Long story short - before he even met me, DH bought a house with someone else (not an ex!). He hasn't lived there for years and the other person has been paying the mortgage as they have been living there.

About 2 years ago that person starting having problems, we tried to help pay the mortgage but we can't really afford it now and nor can they.

So - they are selling. There is negative equity of about £50k and it looks like DH and the other party will have to go bankrupt as it is an impossible amount to pay off.

Before we get to that stage however, the sale is going through and the bank want to know how DH is intending to pay off the arrears. To the extent that they have asked him about MY income and salary. Well, I don't want to give this information, and nor do I want a penny of my income going to pay off these arrears - we have discussed it and would rather him go bankrupt.

My question is - am I legally liable for any of this? Do they have a legal right to ask about MY money and to expect me to pay some of it towards the arrears? None of this mess is to do with me at all and I already deeply resent the situation DH has put me in without having to pay any of MY money towards the mess!

OP posts:
ABetaDad1 · 06/01/2016 08:35

It is true that your DH going bankrupt will affect your credit rating.

I used to do credit references and lend money for a Credit Union so I saw many similar cases.

redhat · 06/01/2016 08:35

No disposable income i.e. after essential outgoings

MyLifeisaboxofwormgears · 06/01/2016 08:37

My brother spent years paying off his wife's debts once they married - all the debts were incurred by her before they married - but once you marry you are financially "joined" in the eyes of banks and credit agencies and one person's debts affect the other.

fidel1ne · 06/01/2016 08:38

31.7.71 Income received from spouse/civil partner/partner

It is reasonable to expect that within the household of the bankrupt and his/her family, the income received by a working spouse/civil partner/partner (all referred to as "partner" for the remainder of this section) or a partner who receives income from other independent means, will be used to contribute to the household expenditure in some way, for example by purchasing food, clothing for him/herself and any children, etc.
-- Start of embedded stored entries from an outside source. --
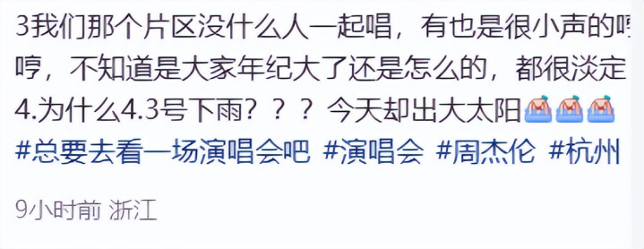 有网友责骂现场不雅众冷场严重,少量不暖和,但周杰伦这么的状态,似乎也很难让不雅众暖和起来。
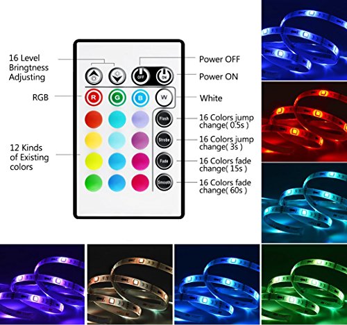 - PERFECT FIT:The led strip lights use brand led and design for 32"-60" flat screen TV,you can buy 2 sets if tv over 65".The led light strip to create a romantic home theater , display 16 fantastic colors, 4 dynamic modes, dimmable, and can remember the previous color setting. Sync switch on/off with TV as it powered by TV usb port.
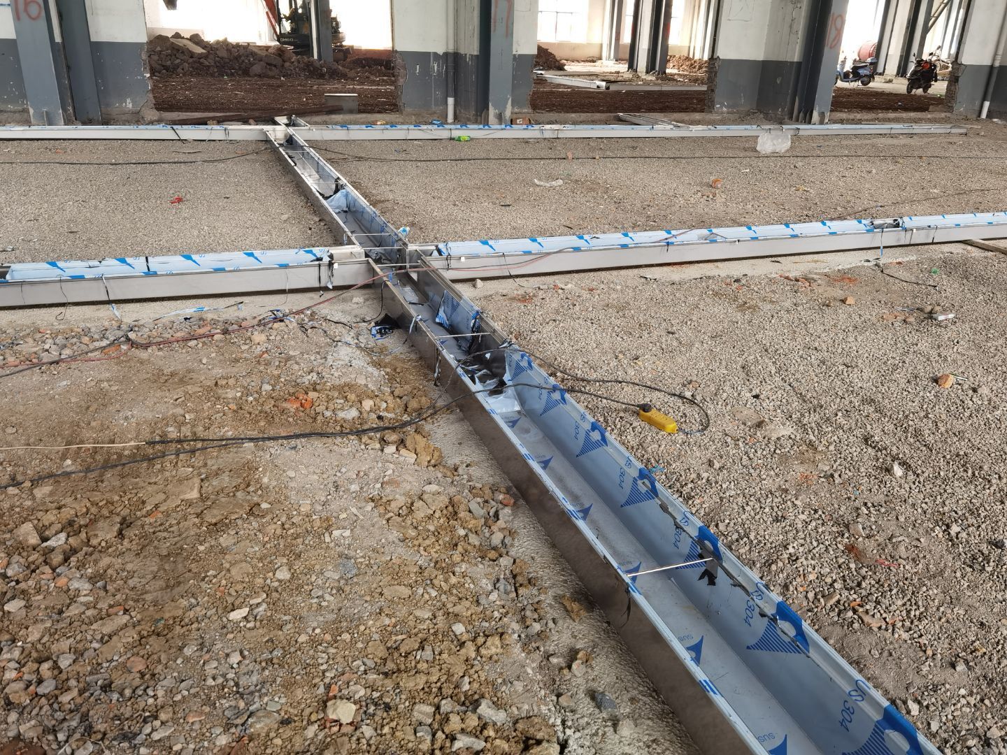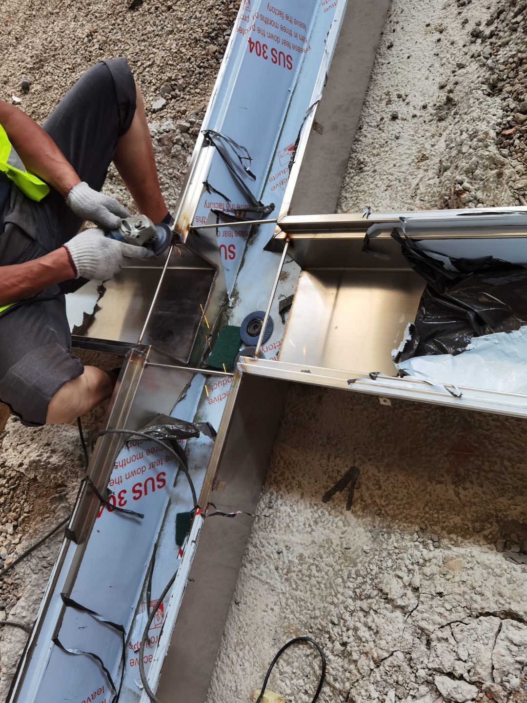 1,場地 整平 2,鋼構施工 3,不銹鋼排水溝安裝 4,不銹鋼水溝第二批到場 焊接 5,pvc排水管安裝 6,室外電纜管安裝 今日材料進場 不銹鋼排水溝材料
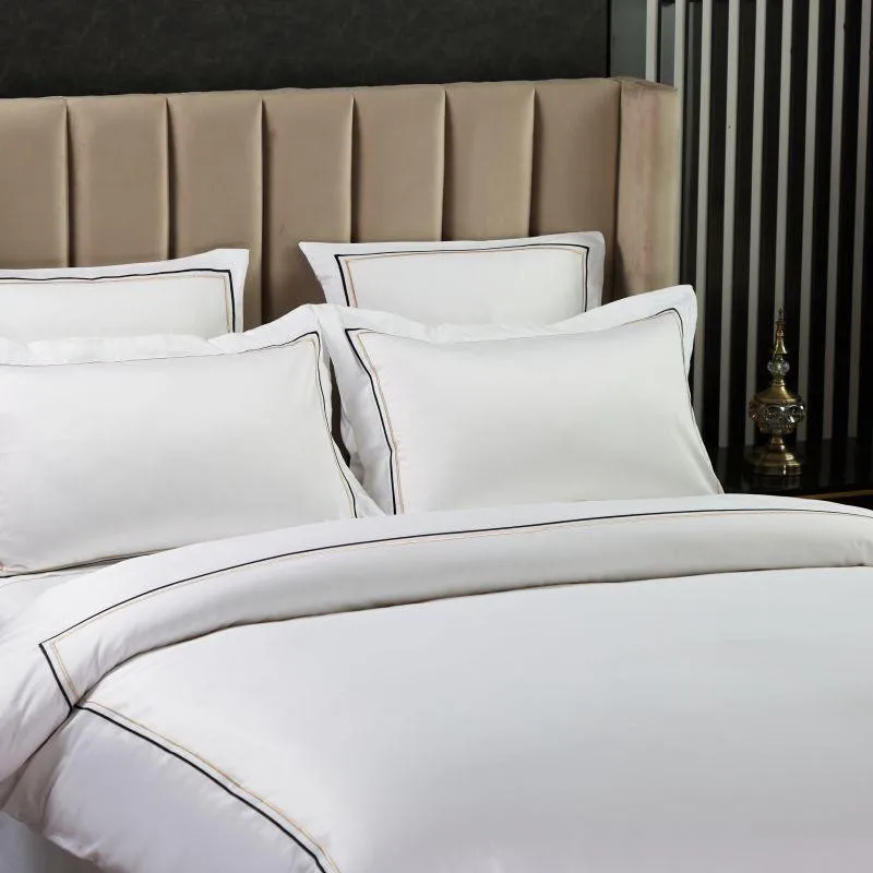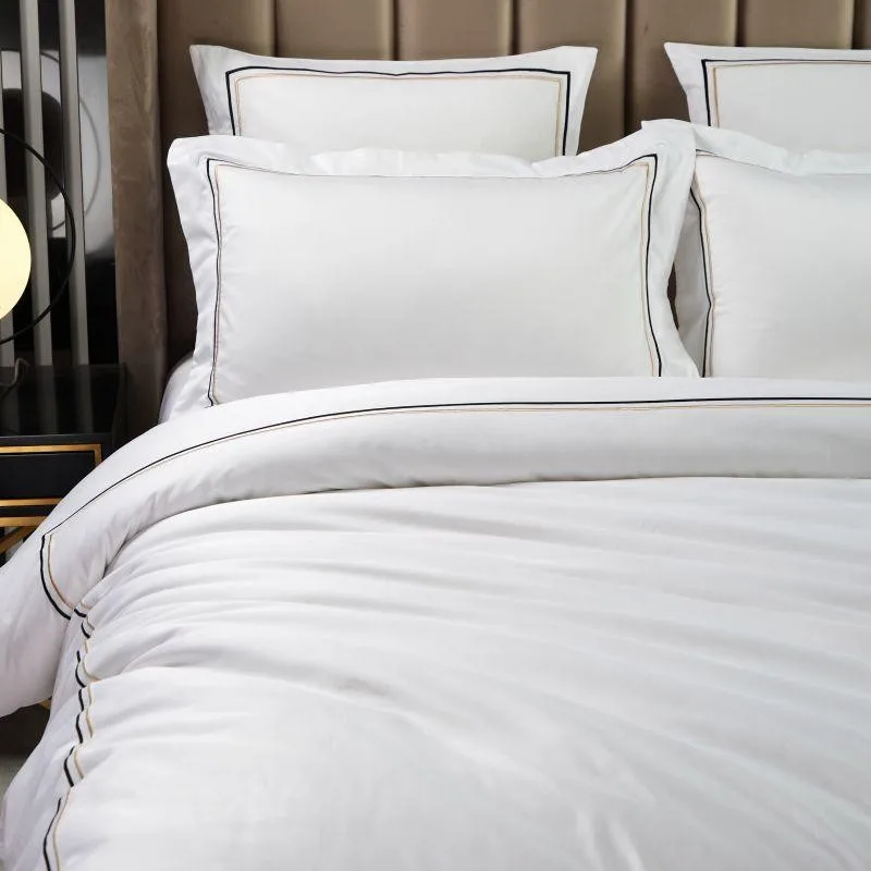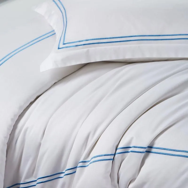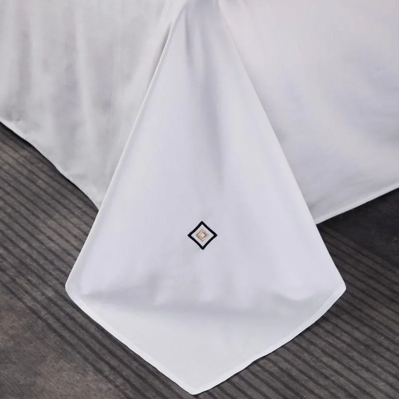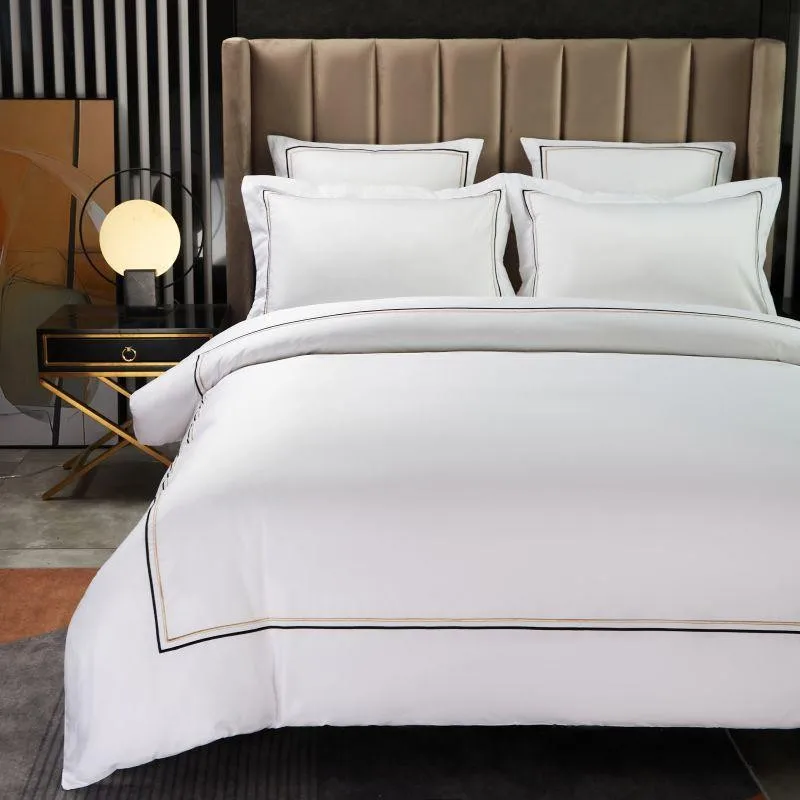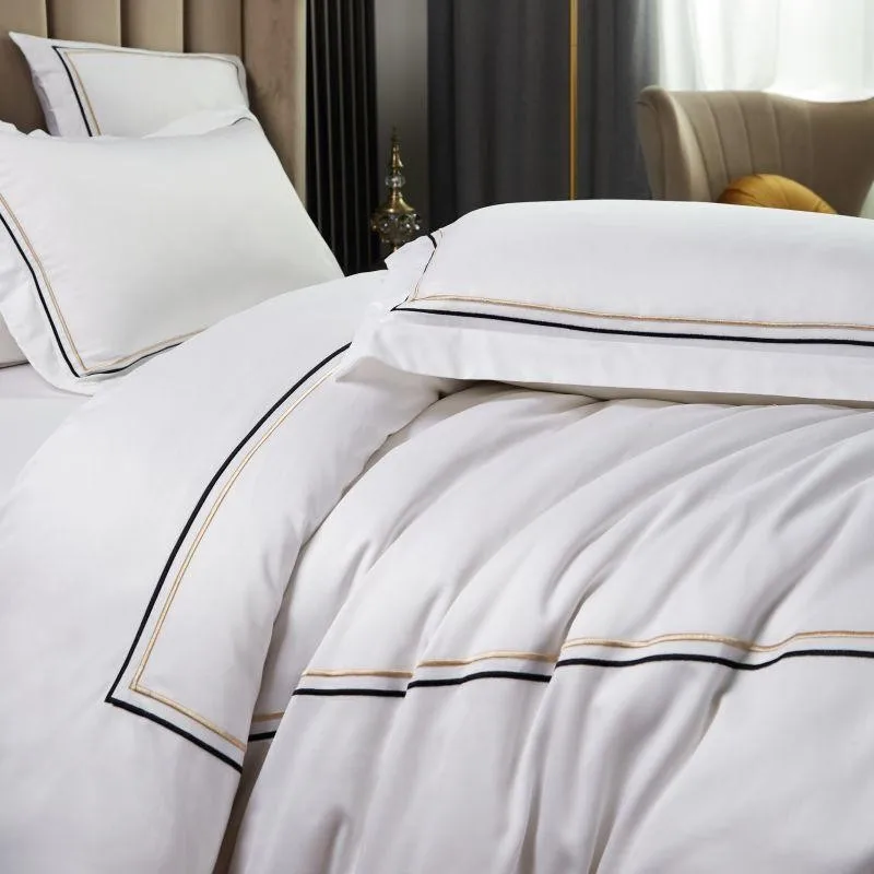 (4pcs/Set) SANTORINI-Bedding Sets Hotel Collection Indigo Champagne Frame Embroidery with Zipper Closure Soft Easy-Wash

The bankrupt may genuinely not know his/her partner’s income and/or the partner may not be willing to disclose it to the official receiver as they are not personally subject to the proceedings. Legal advice has been received that it is not a proper use of section 366 [note 6] to have a partner privately examined for the purpose of obtaining details of his/her income to establish whether an IPA/IPO may be obtained.

31.7.72 Ascertaining partner’s income where bankrupt does not co-operate

Where resistance to the disclosure of the partner's income is encountered, in the absence of any information to the contrary, it is appropriate for the official receiver to assume that the working partner pays for 50% of all household expenditure. This will enable an income payments calculation to be completed to ascertain whether there is any surplus, and the bankrupt’s share of that surplus, against which an IPA/IPO can be sought. It is likely that an assumption of this nature will provoke a response from the bankrupt and/or their partner and if the required information concerning the exact amount of the partner’s income is then received, the official receiver may re-calculate the income and expenditure of the bankrupt taking in to account this new information.

www.insolvencydirect.bis.gov.uk/technicalmanual/Ch25-36/Chapter31/part7/part3/part_3.htm#S.i

BathtimeFunkster · 06/01/2016 08:38

Be very very careful. You may be being persuaded to in effect take on joint and several liability for your husbands debts.

^ this x100

Don't give this bank your financial data unless you have clear legal advice (from a solicitor acting on your behalf, not your husband's) that this is a legal requirement.

Banks play really dirty when it comes to reclaiming debts. If they know his plan is to go bankrupt and not pay the debt, they are probably trying to line you up as someone who can and should pay.

Giving them access to your data helps them and hurts you.

It is not an unproblematic admin thing, although they might pretend it is.

fidel1ne · 06/01/2016 08:45

I don't know how many people refuse to provide the spouse's or partner's financial information. I'm sure you have more practical experience here than I do fidel.

I only deal with general debt issues, i.e. before they file their petitions. Most SOAs I have seen are done on a 'separate finances, 50% costs split' basis. But only a small majority.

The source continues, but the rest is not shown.